But also frankly think about some of the stories that make up this Company, and we have a process called Third Cut Calls here, and I don't want to get too obtuse with it, but a Third Cut Call means that somebody is qualified for one of the top levels of our distributor marketing plan and the President's team, and these people are usually making somewhere around $150,000 a year. Sometimes more, sometimes less, but just kind of on average around that area. And a couple of months ago we had our Third Cut Call out of the Midwest in the United States. So I'm bringing it home here to the US. And it was a woman who was a Phys Ed teacher in the local high school and she saw a lot of students with her students and with her parents in terms of weight management, weight control. So she adopted a club model, and she started to build an opportunity for both her students and her parents to come to her club, to lose weight, to also retail the products so they can take them home so they can have a shake in the morning, replace a high calorie meal with a low calorie meal to get them active, build a lifestyle in them that frankly was a big change from where they were. She took her opportunity to change people's lives, the mission for nutrition, and turn it into a business opportunity. This woman in a small community, we are talking under 20,000 people, is now making $150,000 a year and still is a Phys Ed teacher in her high school.
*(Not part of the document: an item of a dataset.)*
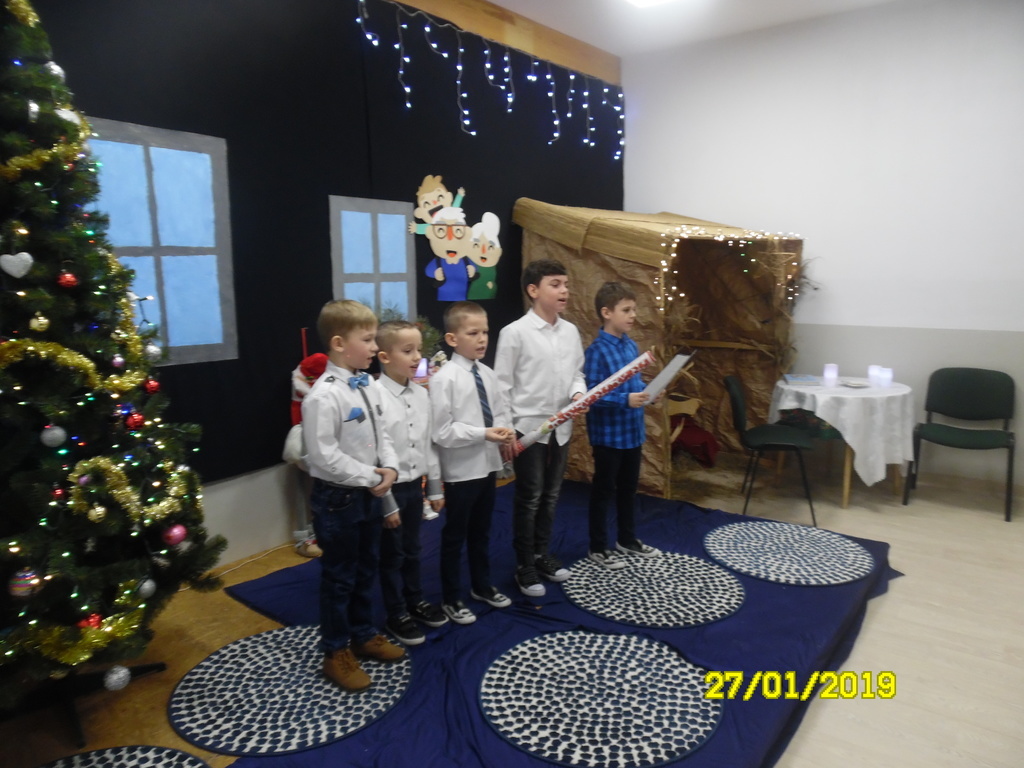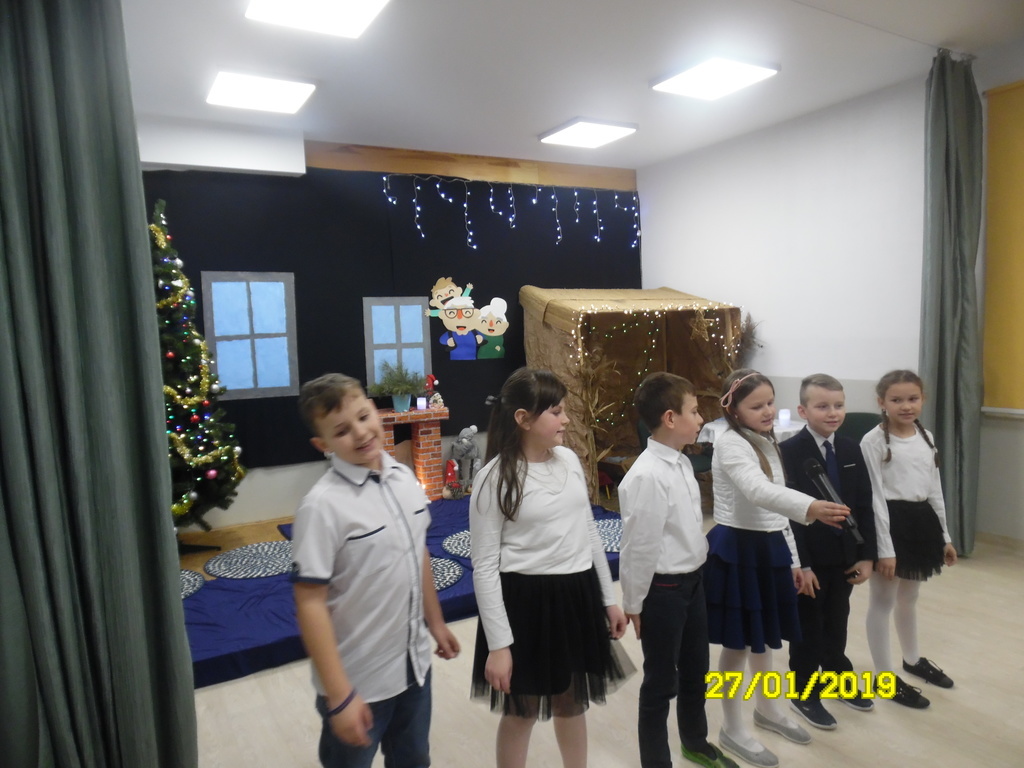 Po raz kolejny odbyła się nasza impreza środowiskowa pod nazwą "Niedziela z Babcią i Dziadkiem". Po raz pierwszy miała miejsce w budynku nowej szkoły. 27 stycznia br. o godz. 15.00 największa sala w naszej szkole wypełniła się po brzegi przybyłymi Babciami, Dziadkami, Rodzicami, którzy obejrzeli występy swoich wnuków i dzieci. Uczniowie klas IV-VIII zaprezentowali jasełka, zaś dzieci z przedszkola i klas I-III wystąpiły z repertuarem muzycznym przygotowanym specjalnie na tę okazję. Młodzi aktorzy i posenkarze zostali nagrodzeni brawami. Miłe niedzielne spotkanie zakończyło się słodkim poczęstunkiem.

These are the kind of stories that we are seeing on a global basis, not just in the Midwest of the United States, but we see them in Mexico, and India, and we are starting to see them in Europe, and we see it in Asia day in and day out. This is what's gratifying about our Company. We are changing people's lives. We've got a great product. We are positioned better than we ever have. Our distributors are engaged. They are working hard, and as I said before they are on a mission to help customers with a healthy active lifestyle.
Next quarter, you guys, we'll be hosting our annual Analyst and Investor Meeting in conjunction with our third quarter earnings release. We will give you more details on that real soon. And to kind of close-up here, we are confident we have the opportunities and initiatives needed to continue to grow our business and Herbalife to be a leading brand recognized and respected around the world. Thank you.
Thanks for being part of our mission for nutrition and helping people lead both healthier, active lives and participating in our earnings call today. And, of course, to all our distributors and employees listening in, what a great quarter. Thanks for your spectacular efforts and as you know at Herbalife we succeed as a team. Thanks.
Operator
This concludes today's conference. You may now disconnect.